Arthur Porter, Jr., appeals from a jury verdict finding him guilty of three counts of possession with intent to distribute cocaine and one count of conspiracy to distribute, in violation of 21 U.S.C. Secs. 841(a)(1) and 846. On appeal, Porter argues the district court1 erred in failing to sustain his motion to suppress evidence obtained during a warrantless search of his locked briefcase. We affirm.

2

On May 22, 1987, Porter and another individual were arrested after selling cocaine to an undercover narcotics officer. The officers obtained a description of a third individual, Smith, who was apprehended in an automobile approximately one-half hour later. Upon Smith's arrest, the police searched the passenger compartment and took the automobile to the federal courthouse. The key to the automobile trunk was later found on Porter when he was taken into custody. At the courthouse, the officers searched the automobile again and discovered a locked briefcase in the trunk. The officer took the briefcase to the room where Porter was being questioned and forced the briefcase open, revealing a large quantity of drugs and a revolver.

3

Porter challenged the search of the automobile and the locked briefcase. At the suppression hearing, the officer who arrested Smith testified that he searched Smith and the automobile, incident to the arrest.

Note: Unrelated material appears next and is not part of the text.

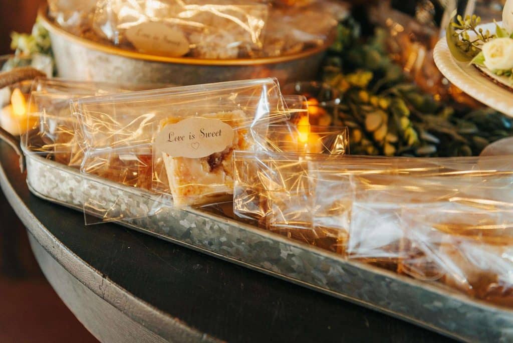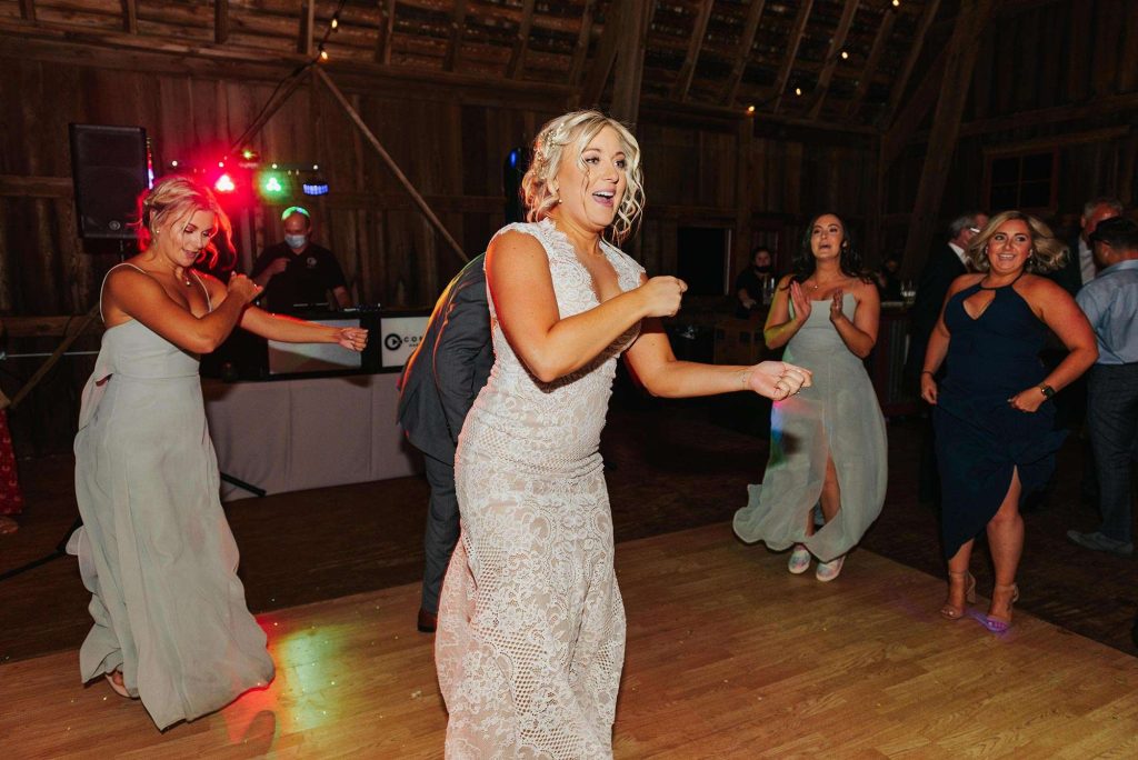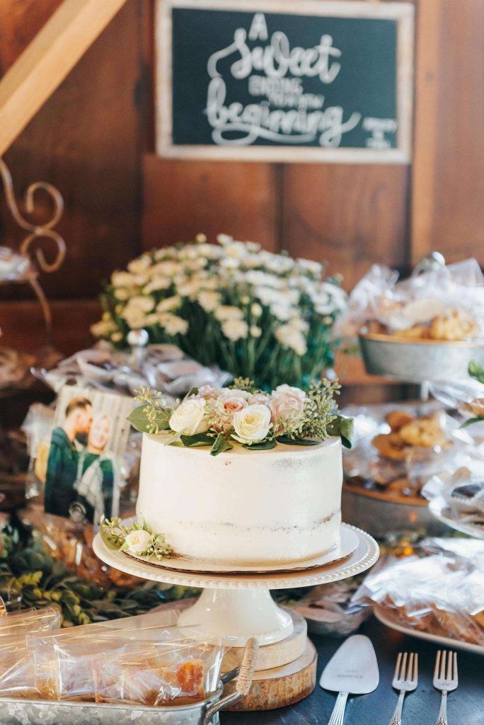 Gooseberries in Burlington catered food stations for dinner. “It was very similar to having food trucks at the wedding. Everything was absolutely delicious!” For drinks, Drink Inc. ensured the guests had, as Ashley puts it, “every drink option they could think up.” Dessert was all homemade by Ashley’s aunt, grandma, and mom and featured cookies, apricot bars, brownies, and more. “We also wanted a cake to cut, so we used a local bakery for cake-cutting.”

When a crowd began gathering, he left the area and took the automobile, believing it was subject to seizure. At the federal building, he conducted a thorough inventory search of the automobile's contents as required by federal and local police procedures. At no time did the officer obtain a warrant.

4

The district court found that Porter had standing to challenge the search of the automobile and briefcase, and held the search constitutional as a valid inventory search of an automobile lawfully in police custody, citing Colorado v. Bertine, 479 U.S. 367, 107 S.Ct. 738, 93 L.Ed.2d 739 (1987). This court reviews the district court's determinations made in a suppression hearing under the clearly erroneous standard, and must affirm unless they are not supported by substantial evidence, reflect an erroneous view of the law, or leave a "definite and firm conviction that a mistake has been made." United States v. Eisenberg, 807 F.2d 1446, 1449-50 (8th Cir.1986).

5

"Under the fourth amendment, the propriety of inventory searches is judged by the standard of reasonableness." United States v. Woolbright, 831 F.2d 1390, 1394 (8th Cir.1987). In Illinois v. Lafayette, 462 U.S. 640, 103 S.Ct. 2605, 77 L.Ed.2d 65 (1983), the Court held it was "not 'unreasonable' for police, as part of the routine procedure incident to incarcerating an arrested person, to search any container or article in his possession, in accordance with established inventory procedures." Id. at 648, 103 S.Ct. at 2611 (footnote omitted). In Colorado v. Bertine, 479 U.S. 367, 107 S.Ct. 738, 93 L.Ed.2d 739 (1987), the Court held police officers may open closed containers during routine inventory searches of an impounded vehicle when the search is conducted in good faith, pursuant to standardized police procedures, and not for the sole purpose of investigation. 107 S.Ct. at 742, 744 (upholding search of closed backpack found in impounded van, pursuant to police procedure mandating the opening of closed containers and the listing of their contents).

6

In this case, Porter does not challenge the impoundment of the car. The officer's unrebutted testimony indicated the search was pursuant to local and federal police policies requiring the officers to inventory the contents of vehicles thoroughly. Porter does not argue, and the record does not suggest, that the officers had any discretion in deciding whether to open items or inventory them as a unit. Moreover, an officer's suspicion that evidence may be present does not invalidate an otherwise lawful inventory search. See Wagner v. Higgins, 754 F.2d 186, 189-90 (6th Cir.1985) (motive to discover evidence does not invalidate inventory search when legitimate desire to protect against claims also exists).

7

Accordingly, the district court is affirmed.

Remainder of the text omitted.